Nos pays entretiennent des contacts à plusieurs niveaux. Les archivistes des archives nationales polonaises soutiennent les activités des institutions de la diaspora polonaise en France, notamment la Bibliothèque polonaise à Paris, en mettant en commun leurs connaissances et offrant leur aide, notamment pour la commande et la numérisation des collections de ces institutions. À mon avis, nous avons encore beaucoup à faire, par exemple en matière de développement de documents en polonais stockés dans des archives françaises, y compris dans les archives diplomatiques, ou des documents de langue française conservés dans les archives polonaises, afin de faciliter l'utilisation de ces ressources par toutes les parties intéressées.
Je pense aussi que nous avons beaucoup à faire au niveau législatif : je parle ici de l'adaptation de la loi polonaise relative aux archives, qui, après les changements législatifs dans l'Union européenne, nécessite une réactualisation. Nous en avons discuté le dernier jour du stage lors de l’atelier intitulé « Le rôle de l'archiviste dans la société ».
 
  • Quel bilan faites-vous de ce stage, sur le plan personnel et professionnel ? Vous a-t-il ouvert de nouvelles opportunités ?

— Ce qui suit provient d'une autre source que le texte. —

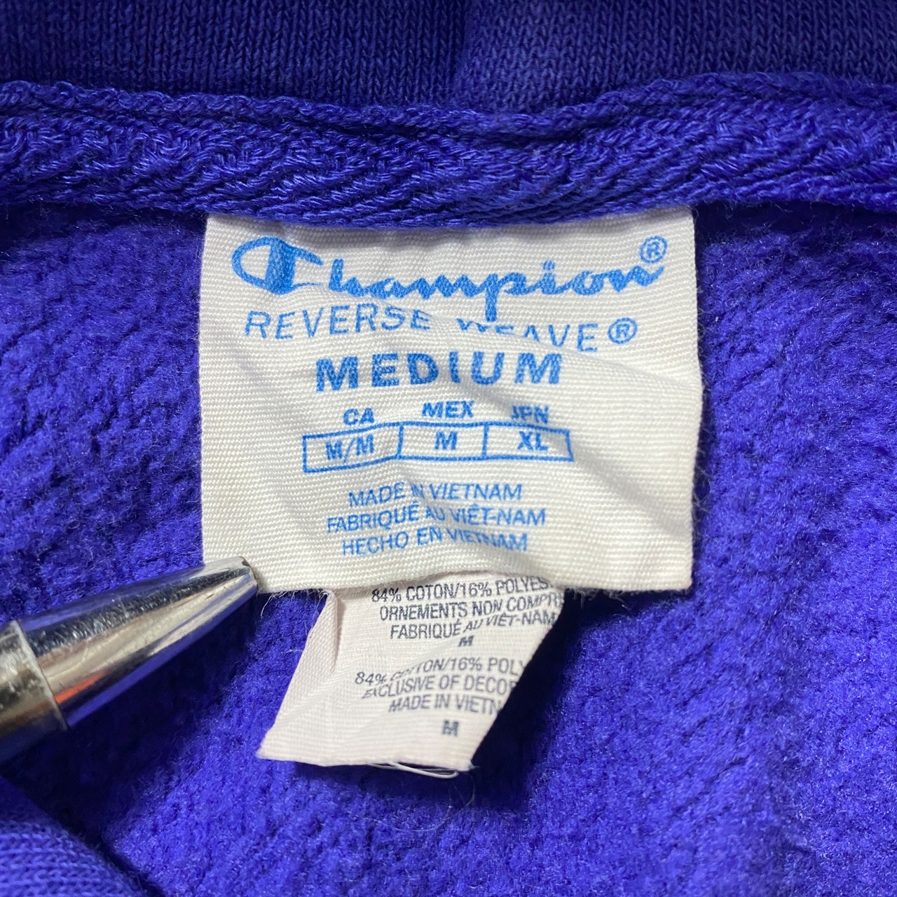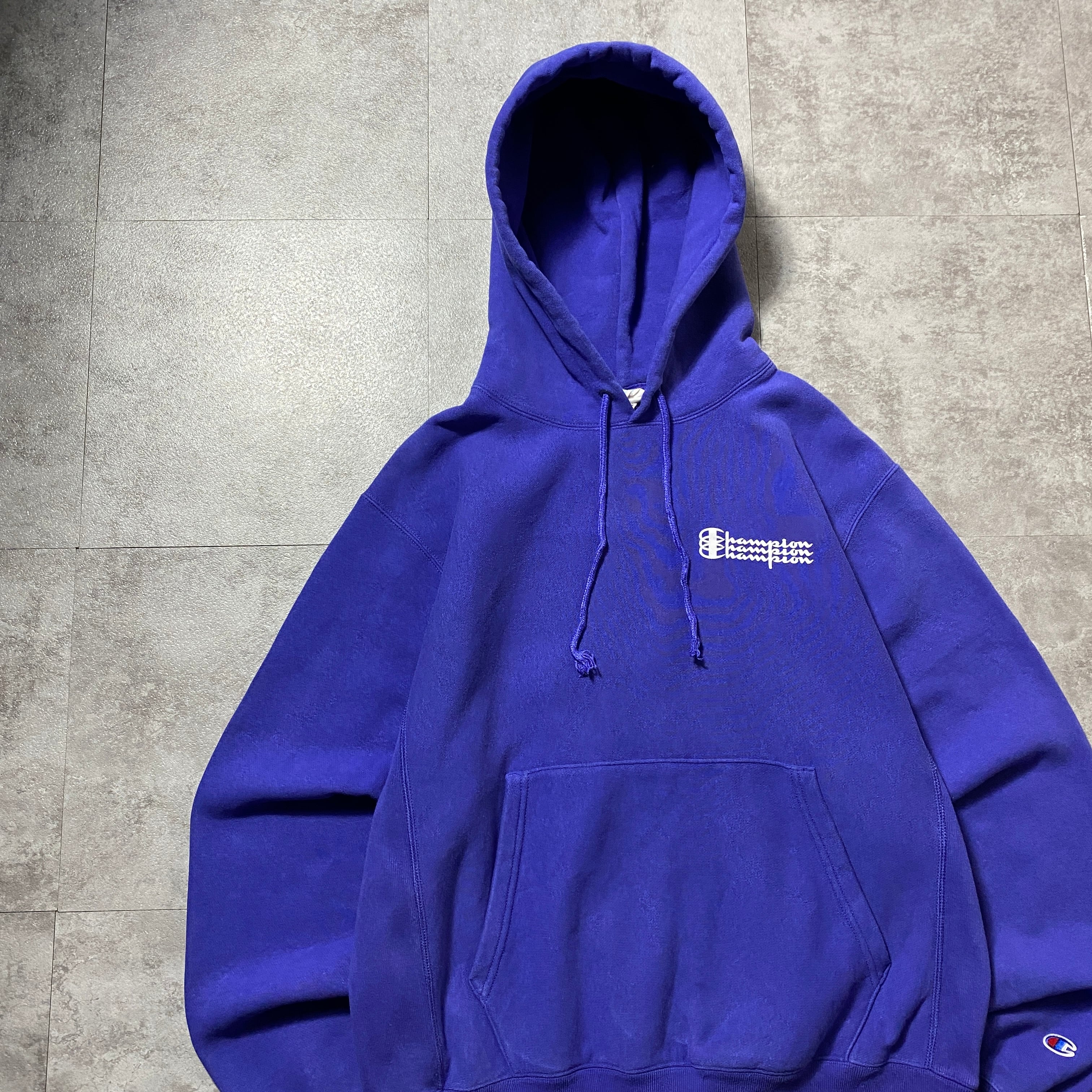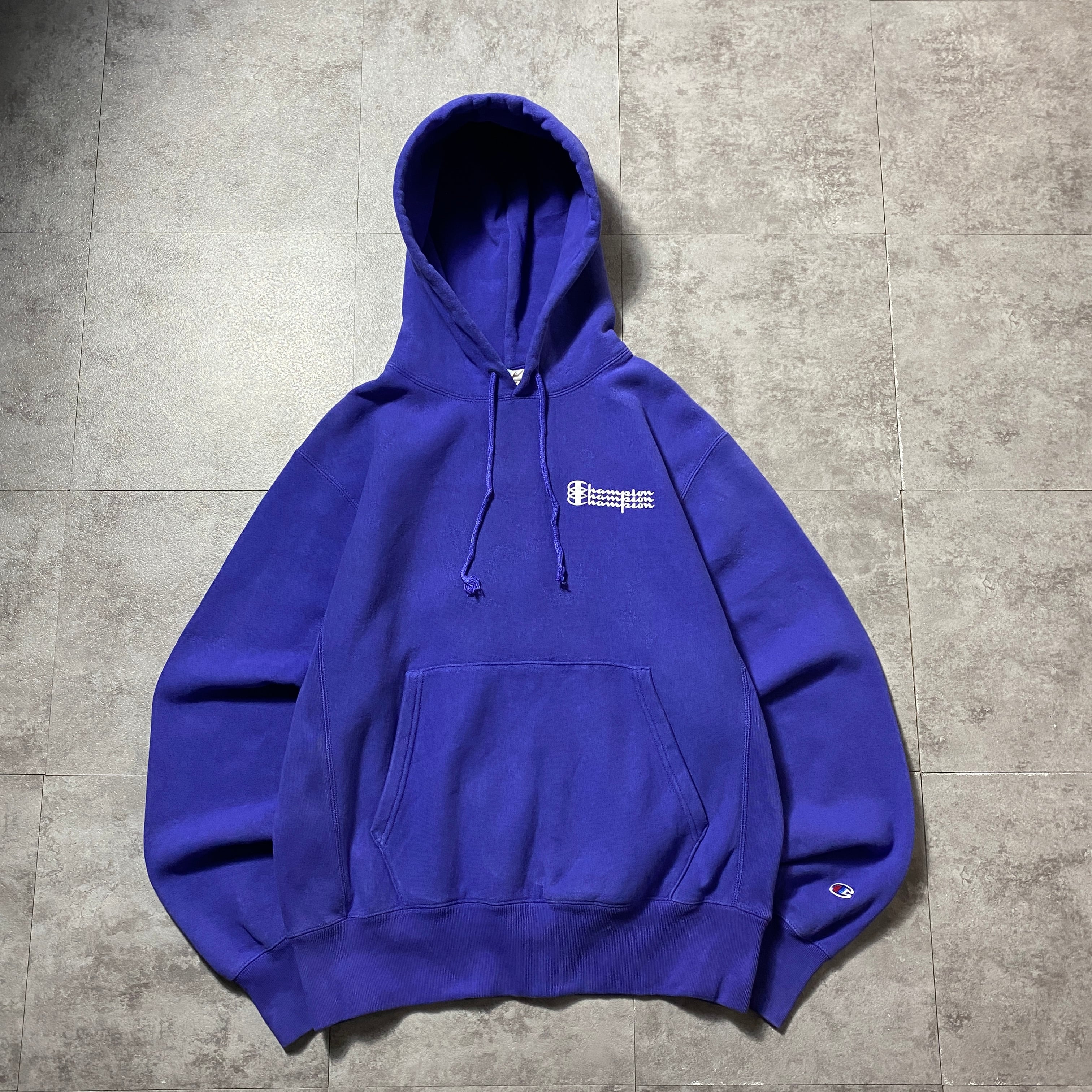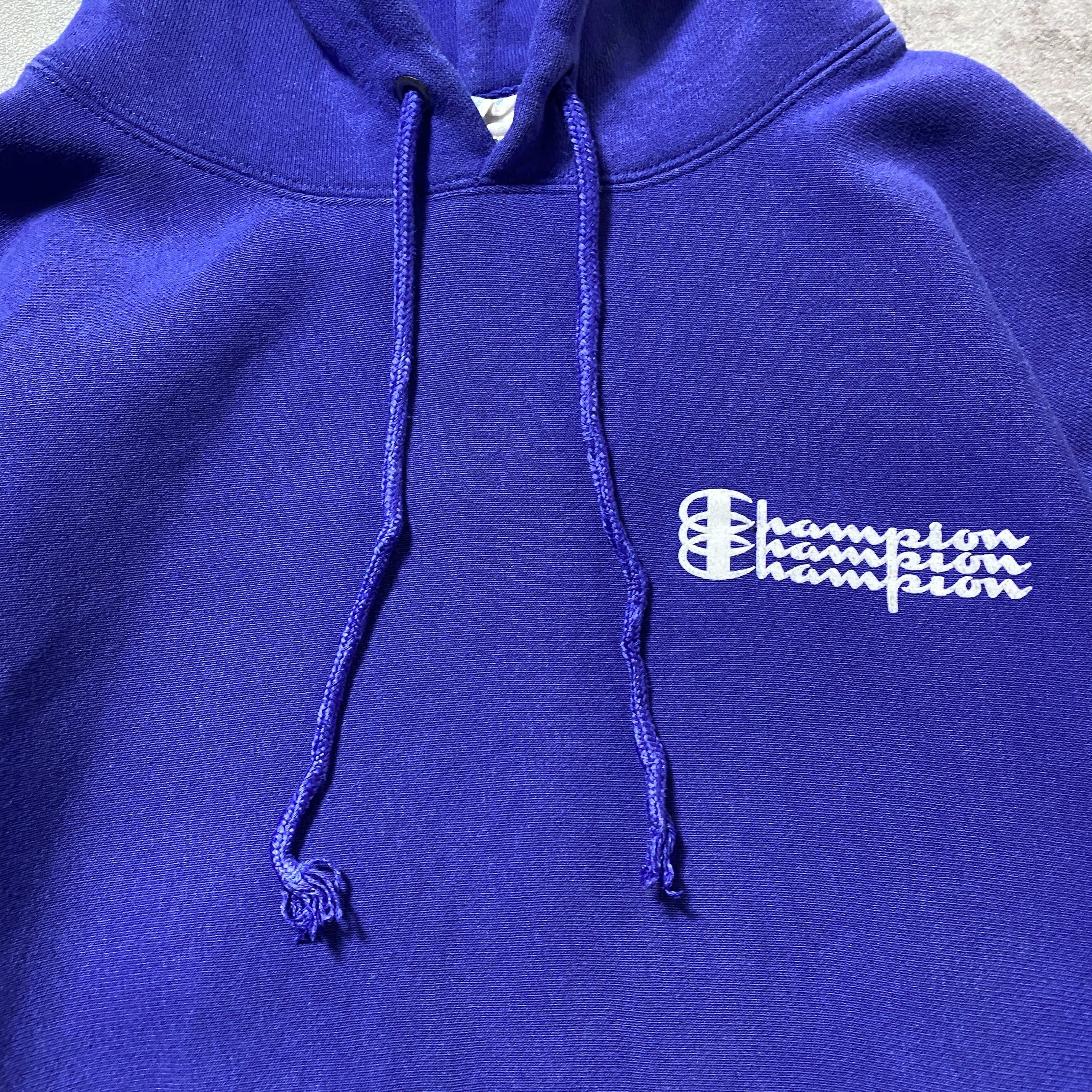 00's Champion チャンピオン リバースウィーブ ワンポイント 3段プリント ナス紺 スウェット パーカー

Cette participation au stage m'a ouvert de nouvelles perspectives de carrière. Je suis revenue avec un énorme bagage d'expérience et surtout des idées pour changer nos méthodes de travail. En participant aux différents modules du stage, j'ai pu observer différentes méthodes de travail, percevoir les différences et les similitudes entre les archives françaises et polonaises. J'ai porté une attention particulière aux aspects qui m'intéressent le plus, à savoir la relation entre archives et société. J'ai observé avec admiration l'accent mis en France sur la fonction très importante des archives, à savoir l'éducation aux archives et la coopération avec divers types d'institutions et d'organisations. L'activité dans le domaine de la vulgarisation des archives en France, par exemple toutes les expositions, publications, ateliers, réunions, cours d’archives pour jeunes et adultes, et même les concerts organisés aux Archives nationales, a été impressionnante et inspirante pour moi. Sur cette base, les archives polonaises devraient s’appuyer sur la riche expérience de leurs collègues français. L’éducation aux archives en Pologne a connu un développement très intense ces dernières années et produit des résultats positifs, mais je pense que nous avons encore du pain sur la planche dans ce domaine de notre activité. Il convient de mettre l’accent sur la création de relations avec la clientèle et sur l’élargissement de l’éventail d’activités qui encourageront les citoyens à utiliser les archives comme patrimoine national. Les médias sociaux, utilisés avec succès par les archives françaises, jouent un rôle important. Cette forme de contact avec les citoyens est également de plus en plus utilisée en Pologne.